Dataset entries:
▬▬▬▬▬▬

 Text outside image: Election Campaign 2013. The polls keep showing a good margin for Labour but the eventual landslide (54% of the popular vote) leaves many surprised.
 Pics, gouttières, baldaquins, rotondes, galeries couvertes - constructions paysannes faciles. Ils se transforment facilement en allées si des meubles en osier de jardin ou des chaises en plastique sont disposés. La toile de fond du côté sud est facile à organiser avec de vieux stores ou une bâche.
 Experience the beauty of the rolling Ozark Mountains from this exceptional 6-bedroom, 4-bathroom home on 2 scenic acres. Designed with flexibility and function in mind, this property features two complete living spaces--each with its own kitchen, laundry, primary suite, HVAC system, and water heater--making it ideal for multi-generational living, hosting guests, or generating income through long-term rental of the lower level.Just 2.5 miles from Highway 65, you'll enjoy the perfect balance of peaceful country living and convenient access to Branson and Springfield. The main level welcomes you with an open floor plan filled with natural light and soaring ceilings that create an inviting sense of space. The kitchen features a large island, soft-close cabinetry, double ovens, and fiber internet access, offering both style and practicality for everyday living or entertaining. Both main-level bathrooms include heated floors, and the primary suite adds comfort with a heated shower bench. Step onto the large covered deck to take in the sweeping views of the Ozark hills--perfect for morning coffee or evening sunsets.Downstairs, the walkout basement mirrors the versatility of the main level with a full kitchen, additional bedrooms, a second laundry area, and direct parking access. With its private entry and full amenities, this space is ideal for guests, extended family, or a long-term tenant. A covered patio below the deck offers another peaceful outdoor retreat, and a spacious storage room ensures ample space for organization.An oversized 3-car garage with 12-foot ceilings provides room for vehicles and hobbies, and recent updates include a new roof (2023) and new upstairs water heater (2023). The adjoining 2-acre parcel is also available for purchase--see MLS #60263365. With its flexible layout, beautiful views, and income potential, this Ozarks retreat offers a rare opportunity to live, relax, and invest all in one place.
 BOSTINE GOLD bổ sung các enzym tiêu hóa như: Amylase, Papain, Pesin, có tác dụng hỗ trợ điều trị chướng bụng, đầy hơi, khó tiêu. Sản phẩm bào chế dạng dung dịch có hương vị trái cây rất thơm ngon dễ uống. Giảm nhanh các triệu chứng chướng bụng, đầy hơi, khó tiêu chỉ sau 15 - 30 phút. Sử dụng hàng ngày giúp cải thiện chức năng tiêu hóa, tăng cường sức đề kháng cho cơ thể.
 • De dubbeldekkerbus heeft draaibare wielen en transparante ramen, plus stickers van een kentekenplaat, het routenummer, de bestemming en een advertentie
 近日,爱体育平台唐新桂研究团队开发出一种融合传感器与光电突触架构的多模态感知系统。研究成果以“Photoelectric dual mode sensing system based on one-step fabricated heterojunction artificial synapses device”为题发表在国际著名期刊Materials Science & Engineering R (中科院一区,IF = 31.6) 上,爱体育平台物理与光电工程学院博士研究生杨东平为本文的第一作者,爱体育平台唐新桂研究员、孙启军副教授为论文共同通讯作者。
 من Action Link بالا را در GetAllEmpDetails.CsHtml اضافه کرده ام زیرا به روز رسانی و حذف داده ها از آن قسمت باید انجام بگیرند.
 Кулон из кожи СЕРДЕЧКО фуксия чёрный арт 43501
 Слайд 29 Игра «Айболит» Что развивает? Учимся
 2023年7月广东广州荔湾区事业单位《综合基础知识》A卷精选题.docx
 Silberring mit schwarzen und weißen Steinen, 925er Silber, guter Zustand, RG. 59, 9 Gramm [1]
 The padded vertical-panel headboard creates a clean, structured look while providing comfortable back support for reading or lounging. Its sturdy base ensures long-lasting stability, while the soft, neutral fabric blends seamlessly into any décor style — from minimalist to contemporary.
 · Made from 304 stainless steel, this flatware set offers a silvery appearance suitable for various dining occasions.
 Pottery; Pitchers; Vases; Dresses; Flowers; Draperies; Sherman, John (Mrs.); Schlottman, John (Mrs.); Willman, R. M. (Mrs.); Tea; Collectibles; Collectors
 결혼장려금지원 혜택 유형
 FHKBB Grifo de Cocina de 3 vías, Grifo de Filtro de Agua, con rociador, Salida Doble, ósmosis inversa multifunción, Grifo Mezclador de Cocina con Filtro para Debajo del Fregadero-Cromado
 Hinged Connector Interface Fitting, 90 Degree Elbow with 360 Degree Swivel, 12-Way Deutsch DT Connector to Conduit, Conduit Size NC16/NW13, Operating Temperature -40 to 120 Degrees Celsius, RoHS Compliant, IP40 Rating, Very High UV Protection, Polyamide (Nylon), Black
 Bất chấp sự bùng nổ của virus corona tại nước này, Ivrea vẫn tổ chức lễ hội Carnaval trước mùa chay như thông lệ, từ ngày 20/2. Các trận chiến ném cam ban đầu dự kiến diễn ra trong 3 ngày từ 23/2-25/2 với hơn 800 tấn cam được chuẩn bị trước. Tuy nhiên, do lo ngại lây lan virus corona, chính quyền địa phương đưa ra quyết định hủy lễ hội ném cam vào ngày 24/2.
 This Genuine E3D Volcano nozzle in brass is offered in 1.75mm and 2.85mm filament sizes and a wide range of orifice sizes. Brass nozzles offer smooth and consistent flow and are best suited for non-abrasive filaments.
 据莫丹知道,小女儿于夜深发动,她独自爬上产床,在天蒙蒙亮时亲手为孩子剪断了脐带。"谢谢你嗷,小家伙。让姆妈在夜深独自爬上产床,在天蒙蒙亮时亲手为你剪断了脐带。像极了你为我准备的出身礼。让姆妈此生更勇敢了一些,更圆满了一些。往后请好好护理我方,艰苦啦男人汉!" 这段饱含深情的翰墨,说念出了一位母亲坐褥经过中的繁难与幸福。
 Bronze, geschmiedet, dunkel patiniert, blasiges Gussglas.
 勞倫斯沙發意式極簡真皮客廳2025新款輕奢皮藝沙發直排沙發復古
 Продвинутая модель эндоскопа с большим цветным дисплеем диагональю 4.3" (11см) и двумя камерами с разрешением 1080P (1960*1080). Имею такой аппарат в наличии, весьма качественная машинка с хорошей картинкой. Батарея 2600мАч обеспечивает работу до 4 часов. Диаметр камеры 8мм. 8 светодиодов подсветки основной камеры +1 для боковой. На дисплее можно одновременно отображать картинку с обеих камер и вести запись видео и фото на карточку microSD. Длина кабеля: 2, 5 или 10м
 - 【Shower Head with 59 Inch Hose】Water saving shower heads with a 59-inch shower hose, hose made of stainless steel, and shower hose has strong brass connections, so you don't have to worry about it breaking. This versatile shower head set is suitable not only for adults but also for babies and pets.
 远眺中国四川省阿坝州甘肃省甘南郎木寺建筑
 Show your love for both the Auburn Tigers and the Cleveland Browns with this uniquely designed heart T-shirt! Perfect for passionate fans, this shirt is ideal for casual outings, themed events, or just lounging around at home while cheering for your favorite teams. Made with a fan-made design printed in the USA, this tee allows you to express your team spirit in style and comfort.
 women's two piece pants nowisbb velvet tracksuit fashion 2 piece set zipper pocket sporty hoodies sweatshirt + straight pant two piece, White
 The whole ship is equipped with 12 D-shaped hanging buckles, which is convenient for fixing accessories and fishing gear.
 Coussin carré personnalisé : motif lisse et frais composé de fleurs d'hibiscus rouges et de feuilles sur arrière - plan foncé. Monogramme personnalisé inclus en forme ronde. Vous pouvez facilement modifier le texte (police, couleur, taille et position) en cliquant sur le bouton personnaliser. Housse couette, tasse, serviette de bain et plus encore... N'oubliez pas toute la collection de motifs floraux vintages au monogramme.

▬▬▬▬▬▬

YOUR TASK: Your answer should consist of the lines from the line with "BOSTINE GOLD bổ" to the line with "en een advertentie" above, repeated exactly, both ends included.

RESULT BELOW:
 BOSTINE GOLD bổ sung các enzym tiêu hóa như: Amylase, Papain, Pesin, có tác dụng hỗ trợ điều trị chướng bụng, đầy hơi, khó tiêu. Sản phẩm bào chế dạng dung dịch có hương vị trái cây rất thơm ngon dễ uống. Giảm nhanh các triệu chứng chướng bụng, đầy hơi, khó tiêu chỉ sau 15 - 30 phút. Sử dụng hàng ngày giúp cải thiện chức năng tiêu hóa, tăng cường sức đề kháng cho cơ thể.
 • De dubbeldekkerbus heeft draaibare wielen en transparante ramen, plus stickers van een kentekenplaat, het routenummer, de bestemming en een advertentie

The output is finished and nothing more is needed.